FIAT: POMIGLIANO; SINDACATI, AUMENTANO FIRME PETIZIONE FIP DOCUMENTO CON 1865 SOTTOSCRIZIONI. RSA NEWCO, FIOM FIRMI ACCORDO

 Aumentano le firme per la petizione di un gruppo di lavoratori di Fabbrica Italia Pomigliano, che nei giorni scorsi avevano consegnato alle rsa 1738 sottoscrizioni per la lettera in cui sottolineavano le loro preoccupazioni per il proprio futuro occupazionale a seguito dell'attuazione della sentenza della Corte d'Appello di Roma, che dispone l'assunzione di 145 lavoratori iscritti alla Fiom nella newco.
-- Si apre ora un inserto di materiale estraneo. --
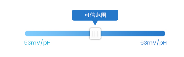 ⑦ 根據(jù)能斯特方程理想狀態(tài)下(25℃)時,理想斜率為59mV/pH,即溶液每變化一個pH值,電極就產(chǎn)生59mv的電位變化。那么理想校正下,斜率應(yīng)在59mV/pH左右。當斜率的值小于53mV/pH或者大于63mV/pH時,需要更換新的pH電極,所以當校正斜率在53~63mV/pH范圍時,結(jié)果是可信的。

Lo annunciano gli stessi rappresentanti sindacali aziendali di Fim, Uilm, Fismic e Ugl in fabbrica, che in una nota affermano di aver ricevuto un documento sottoscritto da 1865 tra operai ed impiegati. ''La Rsa - si legge nella nota - si fara' carico di rappresentare le preoccupazioni che vengono espresse e s'impegnera' in tutte le sedi ad evitare che i rischi menzionati dai lavoratori possano concretizzarsi. La Rsa FIP delle Organizzazioni Sindacali firmatarie hanno sempre agito e continueranno ad agire per tutelare l'occupazione di tutti i lavoratori di Pomigliano, sia quelli gia' assunti in FIP che quelli di Fiat Group automobilies in cassa integrazione e attualmente al lavoro''. I delegati sindacali, inoltre, sottolineano che gli accordi sottoscritti a luglio del 2011 presso il Ministero del Lavoro, ''impegnano Fiat alla riassunzione di tutti i dipendenti'', ed invitano la Fiom ad aderire all'accordo separato del giugno 2010, quello sancito dal referendum, ''anche a seguito dell'insistenza della Fiom in merito all'applicazione dello stesso, cosi' come piu' volte richiamato nei loro continui comunicati. Se dovesse realizzarsi quanto sopra citato sicuramente sarebbe un significativo passo avanti per arrivare a sostenere insieme l'applicazione dell'accordo''. E sulla petizione e' intervenuto anche il segretario generale della Fim di Napoli, Giuseppe Terracciano, il quale ha sottolineato che sarebbe ora che la Fiom si ''fermasse e trovasse il coraggio ed il modo di rientrare in gioco''. ''L'unica strada - ha concluso Terracciano - e' quella di firmare gli accordi, una posizione che sarebbe apprezzata. Diamo segnali di coesione e di governabilita' del territorio per incentivare il Lingotto, e gli investitori stranieri, accompagnati, magari, da una politica strutturale per automotive e per l'intero comparto industriale da parte del Governo che consentano di rilanciare e tutelare il lavoro in Italia''.